Directions for this task → Copy exactly the lines that run from the top of the listing to the line containing "anzeigen | |", both ends included, and omit the pictures.

Provided material →
■ ■ ■ ■

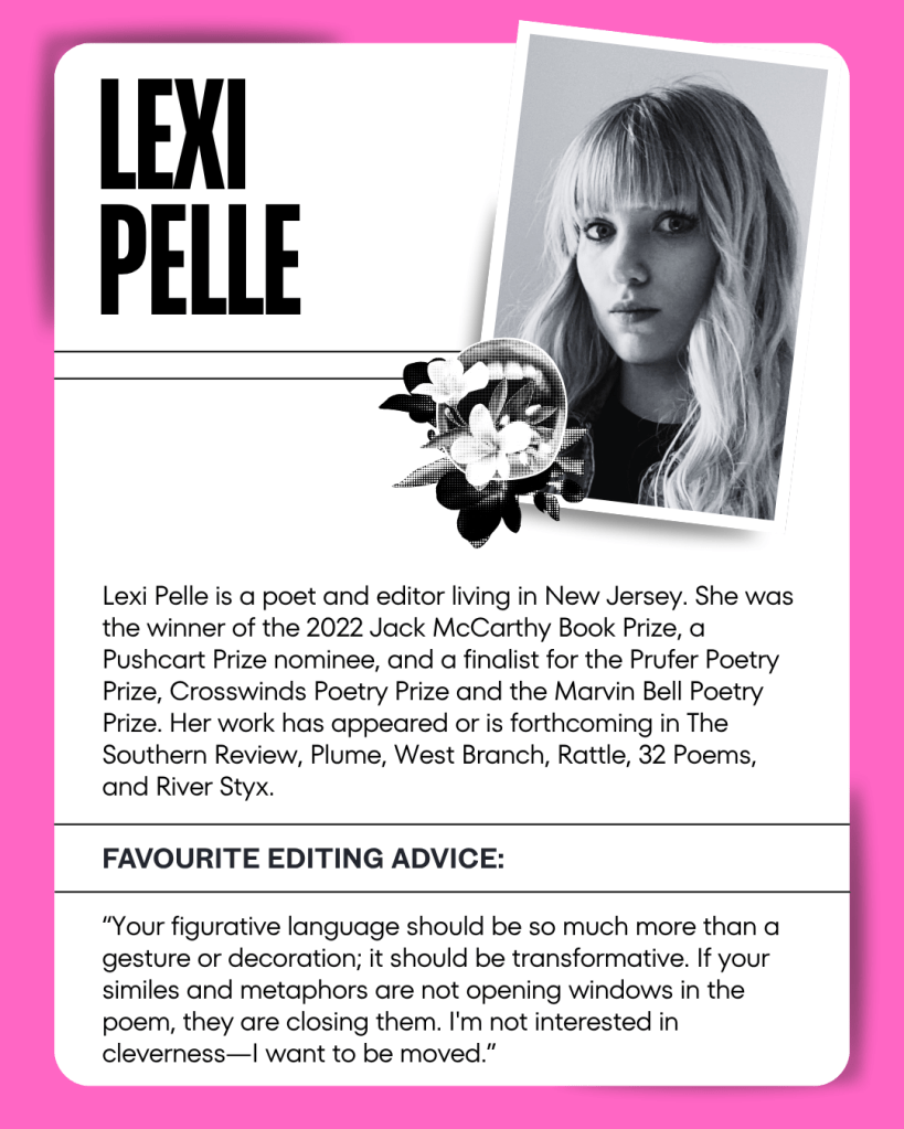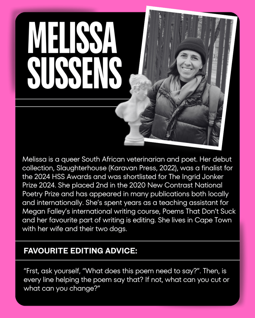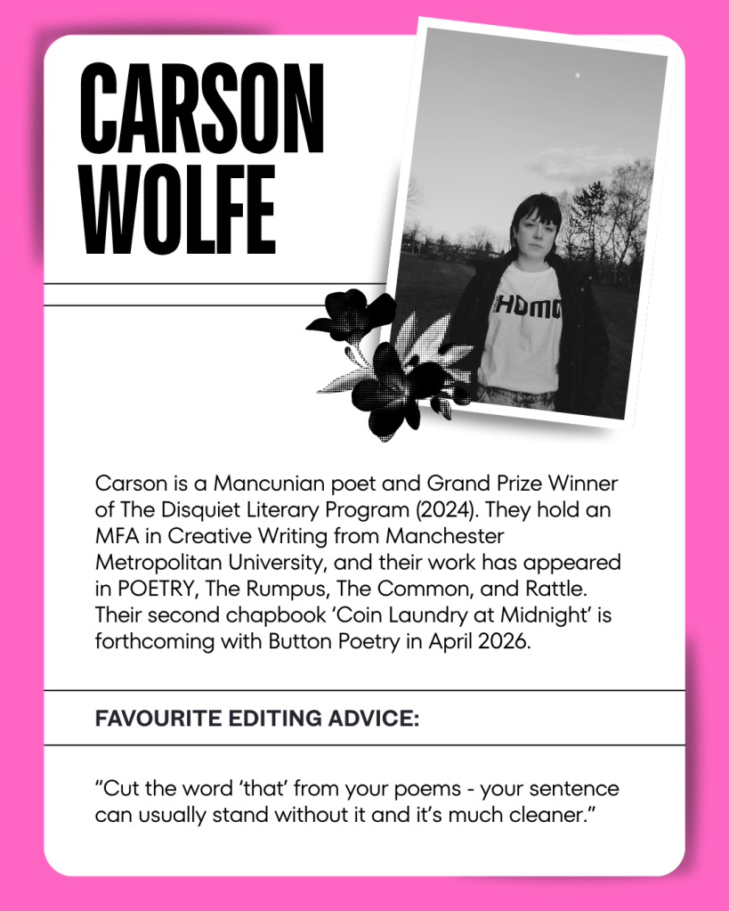 Using a fishbowl style of teaching, as inspired by the renowned online poetry course, Poems That Don’t Suck by Megan Falley. We pull four names at random from the attendee list and live-edit these ‘fishes’ before audience participants, followed by a short Q&A.
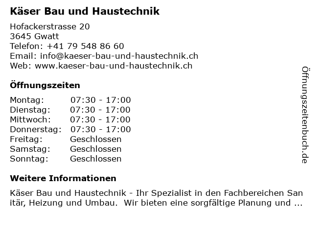 | Öffnungszeiten Käser Bau und Haustechnik in Gwatt anzeigen | |
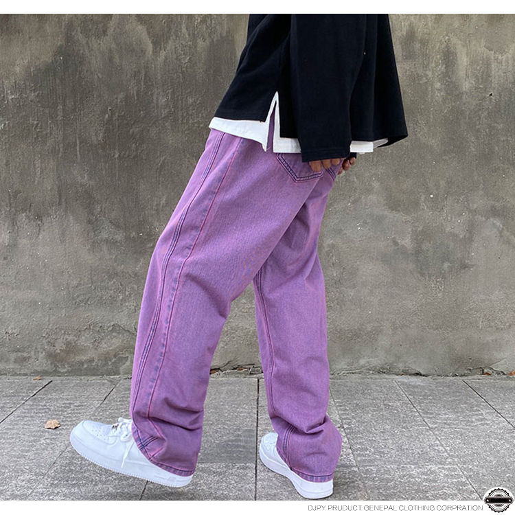 กางเกงยีนส์ทรงตรงสไตล์วินเทจทรงหลวมแนวสตรีทสำหรับผู้ชายสกปรกซักด้วยโคลน

■ ■ ■ ■

Worked solution →
 Using a fishbowl style of teaching, as inspired by the renowned online poetry course, Poems That Don’t Suck by Megan Falley. We pull four names at random from the attendee list and live-edit these ‘fishes’ before audience participants, followed by a short Q&A.
 | Öffnungszeiten Käser Bau und Haustechnik in Gwatt anzeigen | |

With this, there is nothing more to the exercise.